Молодец, Симагин. Спасибо тебе. Сильно изменился. Повзрослел.
Они завтракали быстро, но без спешки. Почти не разговаривали, а если и говорили, то об отвлеченных пустяках. Например, о травяных чаях. Мята, лаванда, чабрец, душица. Смородиновый лист, малиновый лист, брусничный лист. Потрясающе содержательная беседа для нежданно‑негаданно оказавшихся вдвоем мужчины и женщины, которые были когда‑то мужем и женой и просто‑таки боготворили друг друга. Да не были мы мужем и женой, старательно напомнила себе Ася, начиная уже злиться на себя за то, что, кажется, сама рассиропилась. Любовниками были, из‑за этого я и ушла – когда осточертела неопределенность! Но бесполезно было распалять себя ядовитыми припарками. Теперь, с высоты нынешних лет и нынешних бед, Ася отчетливо понимала, что такую определенность, как у них тогда, днем с огнем не враз сыщешь, и многие получившие на совместную жизнь одобрительный штемпель сволочного, проклятого государства, с которым любой порядочный человек старается встречаться как можно реже, старается вообще не иметь ничего общего – живут, на самом‑то деле куда неопределенней; и что ушла она – не из‑за этого. Не понимала только, из‑за чего. Но уж точно не из‑за этого.

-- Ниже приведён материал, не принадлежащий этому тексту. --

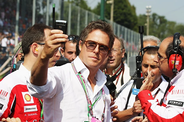 Гран-при Италии-2010. Большой фанат автогонок Хью Грант в окружении представителей «Феррари».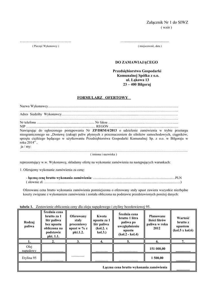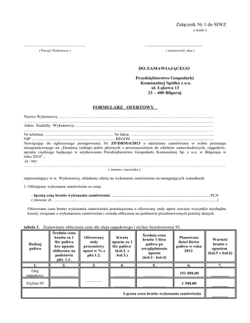 Załącznik Nr 1 do SIWZ ( wzór ) ………………………………. ….......................................... ( Pieczęć Wykonawcy ) ( miejscowość, data ) DO ZAMAWIAJĄCEGO Przedsiębiorstwo Gospodarki Komunalnej Spółka z o.o. ul. Łąkowa 13 23 – 400 Biłgoraj FORMULARZ OFERTOWY Nazwa Wykonawcy…………………………………………………………………………………………………. ………………………………………………………………………………………………………………………. Adres Siedziby Wykonawcy……………………………………………....................……………………………. ………………………………………………………………………………………………………………………. Nr telefonu ….............................................................. Nr faksu …...……………………………………………..... NIP …........................................................................... REGON …........................................................................... Nawiązując do ogłoszonego postępowania Nr ZP/DRM/4/2013 o udzielenie zamówienia w trybie przetargu nieograniczonego na „Dostawę (zakup) paliw płynnych z przeznaczeniem do silników samochodowych, ciągników, sprzętu ciężkiego będącego w użytkowaniu Przedsiębiorstwa Gospodarki Komunalnej Sp. z o.o. w Biłgoraju w roku 2014” , ja / my: ……………………………………………………………………………………………………………………………… ( imiona i nazwiska ) reprezentujący w.w. Wykonawcę, składamy ofertę na wykonanie zamówienia na następujących warunkach: 1. Oferujemy wykonanie zamówienia za cenę: - łączną cenę brutto wykonania zamówienia: ..............................................................................................PLN ( słownie zł. …………........………………………................................................................................................) Oferowana cena brutto wykonania zamówienia pomniejszona o oferowany stały upust zawiera wszystkie niezbędne koszty związane z wykonaniem zamówienia i została obliczona na podstawie przedstawionych poniżej danych: tabela 1. Zestawienie obliczenia ceny dla oleju napędowego i etyliny bezołowiowej 95. Średnia cena Średnia cena brutto za 1 Oferowany Kwota Planowane brutto 1 litra litr paliwa stały upustu za 1 ilości litrów Rodzaj paliwa po bez upustu procentowy litr paliwa paliwa w roku paliwa uwzględnieniu obliczona na upust w % z (kol.2. x 2012 upustu podstawie pkt.1.2. kol.3.) (kol.2 - kol.4) pkt. 1.1. 1. 2. 3. 4. 5. 6. Olej 151 000,00 napędowy ....................... .............. ..................... ............... Etylina 95 1 500,00 ....................... ............... ...................... Łączna cena brutto wykonania zamówienia Wartość brutto z upustem (kol.5 x kol.6) 7. ................. ................ ............... 1.1. Ustalenie średniej ceny brutto za 1 litr paliwa bez upustu. Oświadczamy, że uwidoczniona cena na dystrybutorze o godzinie 10 00 za 1 litr oleju napędowego w dniu 10.12.2013 r. - wynosiła………….zł. w dniu 11.12.2013 r. - wynosiła……….....zł. w dniu 12.12.2013 r. - wynosiła……….....zł. w dniu 13.12.2013 r. - wynosiła………… zł. w dniu 16.12.2013 r. - wynosiła………… zł. średnia cena brutto za 1 litr paliwa wynosi - …………………. zł. (wynik zaokrąglić do dwóch miejsc po przecinku) Oświadczamy, że uwidoczniona cena na dystrybutorze o godzinie 10 00 za 1 litr etyliny bezołowiowej 95 w dniu 10.12.2013 r. - wynosiła………….zł. w dniu 11.12.2013 r. - wynosiła……….....zł. w dniu 12.12.2013 r. - wynosiła……….....zł. w dniu 13.12.2013 r.- wynosiła………… zł. w dniu 16.12.2013 r. - wynosiła………… zł. średnia cena brutto za 1 litr paliwa wynosi - …………………. zł. (wynik zaokrąglić do dwóch miejsc po przecinku) 1.2. Oferowany stały procentowy upust. Oferujemy stały procentowy upust, naliczany każdorazowo od ceny litra oleju napędowego oraz etyliny bezołowiowej 95 kupowanego przez Zamawiającego w stacji paliw Wykonawcy w wysokości ..........% (słownie: ...............................................................)*. Wszystkie ceny oraz kwotę oferowanego stałego upustu procentowego dla każdej ceny należy podać z dokładnością do dwóch miejsc po przecinku. 1.3. Odległość naszej Stacji tankowania pojazdów od siedziby Zamawiającego – ul. Łąkowa 13, 23-400 Biłgoraj, po drodze dojazdowej wynosi - ....................... metrów 2. Rozliczenie następowało będzie na podstawie wystawionych faktur wraz z dołączonymi do nich WZ lub innymi dokumentami za pobrane paliwo w okresie 15-dniowym. Fakturowanie paliwa dokonywane będzie na 15 i na każdy ostatni dzień miesiąca. 3. Oferujemy 14 dniowy termin płatności należności z tytułu realizacji umowy, licząc od dnia złożenia prawidłowo wystawionej faktury w siedzibie Zamawiającego. 4. Oświadczamy, że zapoznaliśmy się treścią SIWZ i akceptujemy w pełni i bez zastrzeżeń jej postanowienia. 5. Oświadczamy, że akceptujemy w pełni i bez zastrzeżeń projekt umowy stanowiący załącznik nr 2 do SIWZ i w przypadku uznania naszej oferty za najkorzystniejszą zobowiązujemy się do jej podpisania w miejscu i terminie wyznaczonym przez Zamawiającego na warunkach zawartych w SIWZ. 6. Oświadczamy, że akceptujemy 30 dniowy termin związania ofertą określony w SIWZ. 7. Oświadczamy, że przedstawione przez nas dokumenty opisują aktualny stan faktyczny i prawny. 8. Oświadczamy, że informacje składające się na niniejszą ofertę, zawarte na stronach nr .............................. stanowią tajemnicę przedsiębiorstwa w rozumieniu przepisów ustawy o zwalczaniu nieuczciw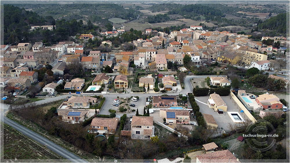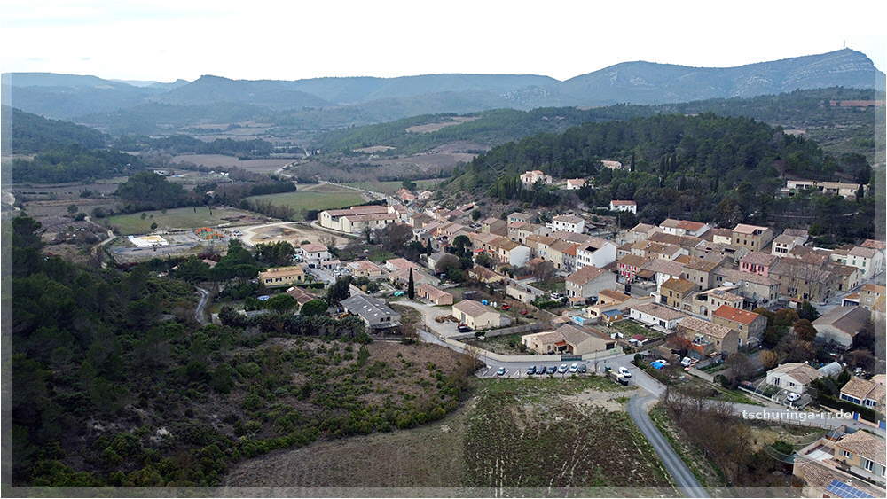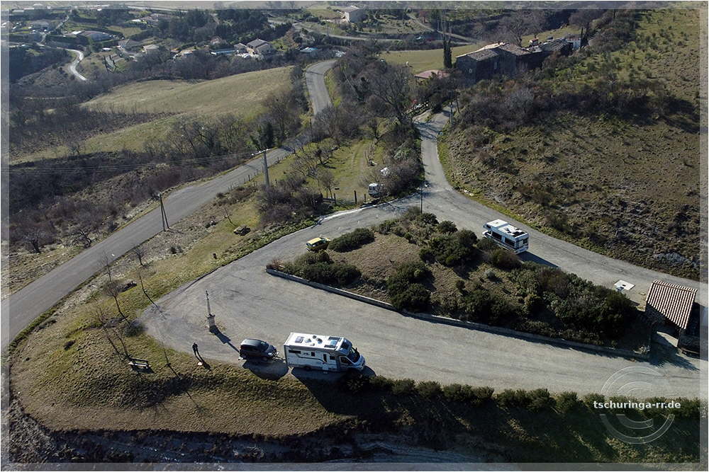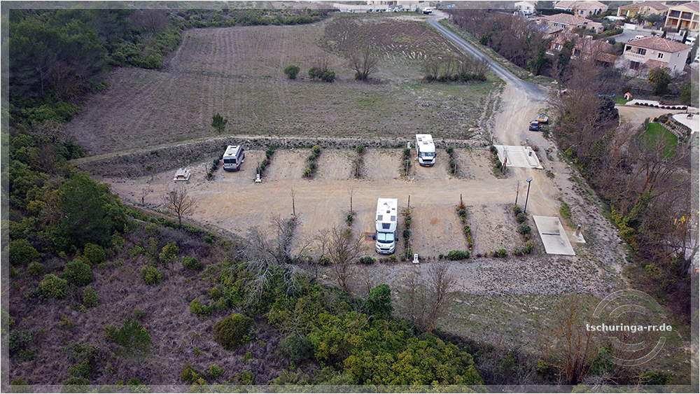 | Luftaufnahmen vom Stellplatz und dem Ort Villesèque-des-Corbière | ||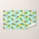 Sonnige, tropische Ananas mit Sonnenbrille und festlich dekoriert mit Weihnachtsbeleuchtung, Ziergegenständen und Bonbons. Dieses Muster hat einen pastellblauen Hintergrund mit hawaiianischen Hibiskus-Blume. Diese Badetücher machen Spaß, wenn Sie Ihrem Badezimmer einen Weihnachtsakzent am Strand hinzufügen!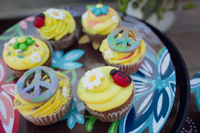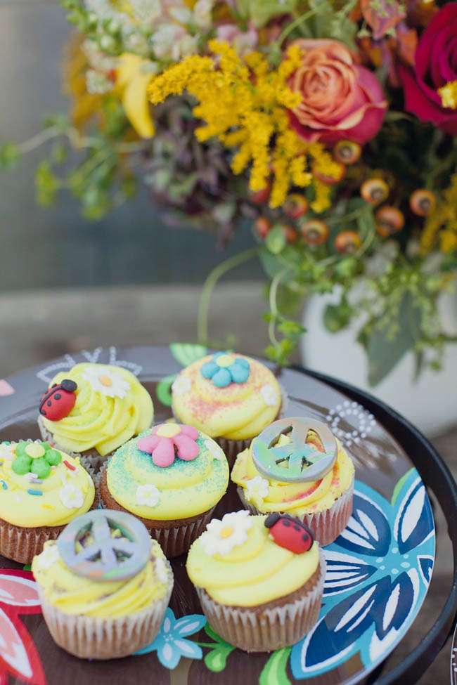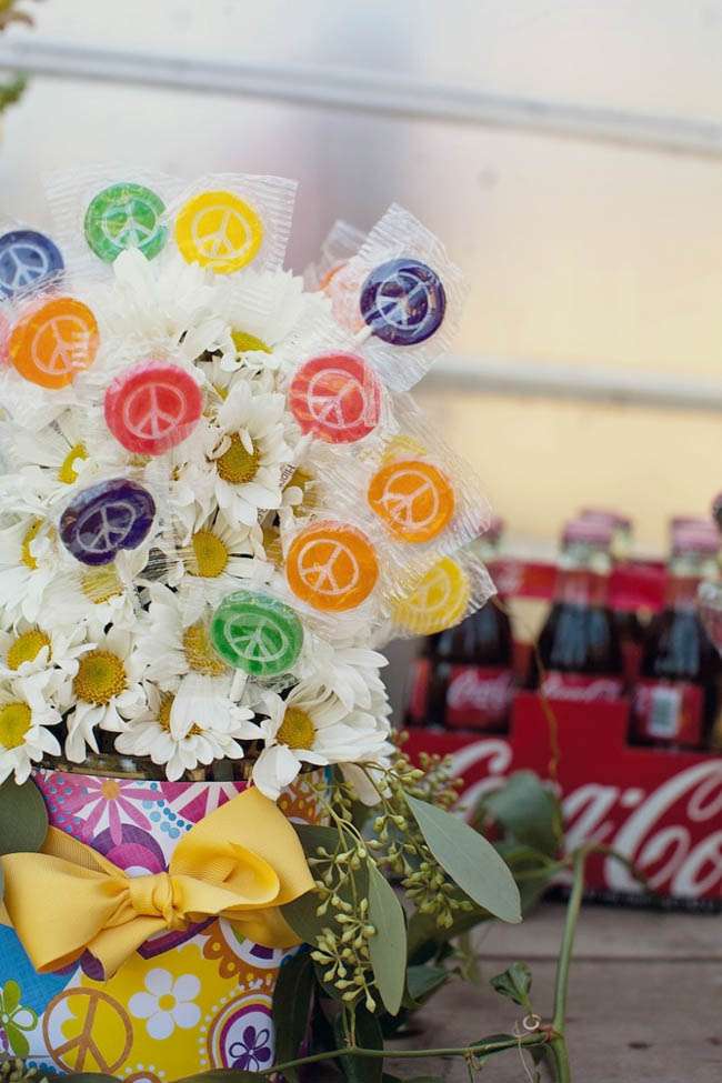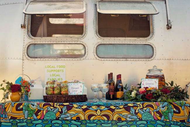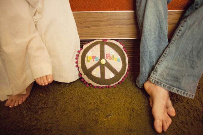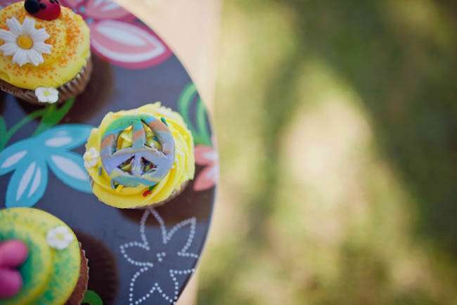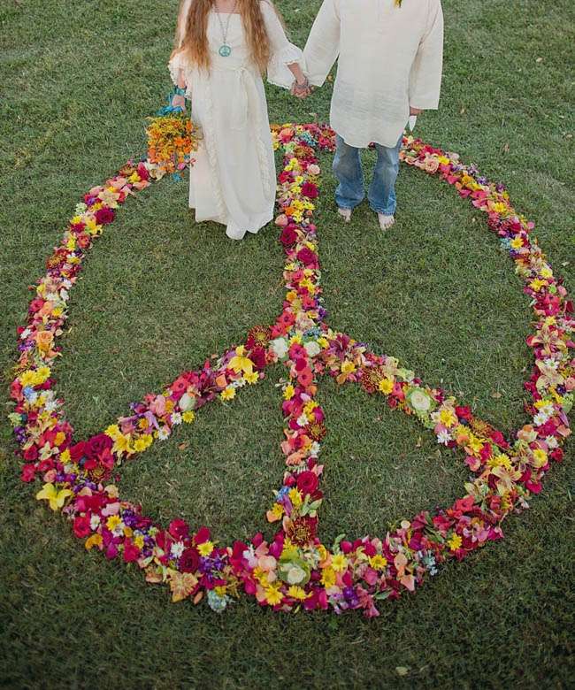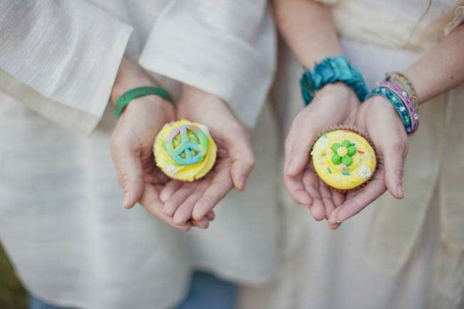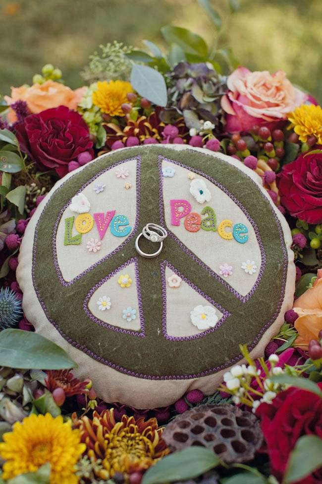 “Also freshly picked field flowers incorporated in my bridal bouquet and unique floral designs (we literally helped pick our flowers right off the property grounds!) and a fun and whimsical icons with a timeless message – like peace signs, vintage posters and ‘love rocks’ favors.”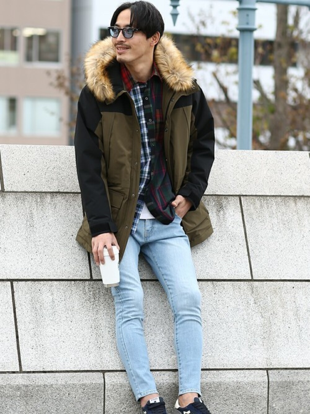 improves_official(improves)のダウンジャケット/コート「ファー付き 撥水ストレッチ 中綿 ダウンタッチ マウンテンパーカー」を使ったコーディネート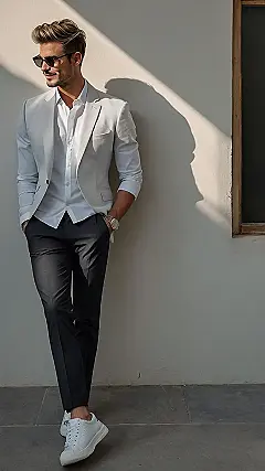 This guy looks like he’s about to star in his own movie, or at least order a really fancy coffee. Mixing dressy with casual, like the blazer and dress pants with sneakers, is totally in right now. It’s like telling the world, “Yeah, I can handle business, but I can also chase after the ice cream truck.”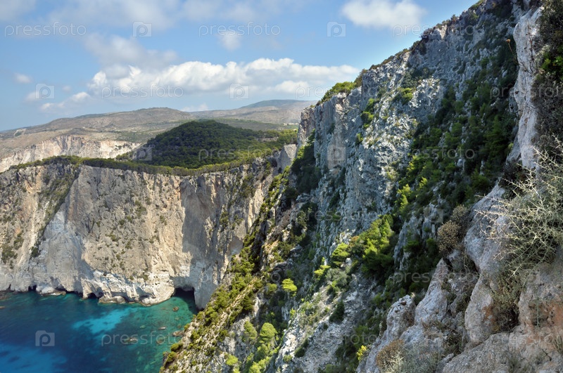 Скалистые прибрежные горы, вид с маяка деревни Кери, остров Закинтос, Греция

Симагин даже по мелочам не позволял себе лезть к ней в душу – скажем, каким‑нибудь якобы заботливым, а на самом деле оказавшимся бы бестактным, как его ни задай, вопросом типа «Как спалось на новом месте?» или даже просто «Как спалось?». Хотя… Может, ей и было бы приятно услышать такой вопрос – но вспылила бы она, по крайней мере в душе, обязательно. Нет. Ничего. То ли полное равнодушие, то ли железная воля – вот и гадай. Да не буду я гадать! Какая мне разница! Ни малейшей! Так она уговаривала себя, почти заклинала – и первая не выдержала. Совершенно неожиданно для себя. Только когда слово вылетело, она с запозданием сообразила, что проговорилась. Глядя, как Симагин аккуратно покусывает свой бутерброд, она машинально спросила:
– А с кр‑рэнделем ты теперь не пьешь?
И тут же у нее перехватило дыхание от того, что этим незамысловатым вопросом она ни много ни мало – разрешила памяти быть. Признала, что ее жизнь когда‑то была туго, до самой последней мелочи, сплетена с жизнью сидящего напротив человека, и, что бы ни происходило впоследствии, они не чужие. Сердце опять панически задергалось так размашисто, будто кроме сердца у нее под тонюсенькой перегородочкой кожи и не осталось ничего; и эта‑то перегородочка вот‑вот лопнет… Даже в глазах потемнело. Ну и дура ты, Аська. А уж нервы стали – никуда! Вот он сейчас как примется за столь любимые им воспоминания… А здорово мы ночью в речке купались, а? А помнишь, как мы познакомились? А помнишь, как мы с сеновала падучие звезды смотрели? А я помню, где тайная родинка у тебя… Ох! Язык тебе, Аська, отрезать надо!
– Бублики теперь очень невкусные стали, Ась, – будто ни в чем не бывало, ответил Симагин. – Как опилки.
И все.
С минуту она унимала дыхание, изо всех сил стараясь, чтобы он ничего не заметил.
Как ни старалась она жевать помедленнее, делать глотки пореже и поменьше – не прошло и четверти часа, как завтрак иссяк. Она зачем‑то заглянула в свою чашку, потом нерешительно отодвинула ее. Непонятно было, что теперь делать. Уйти? Вот так вот встать и уйти?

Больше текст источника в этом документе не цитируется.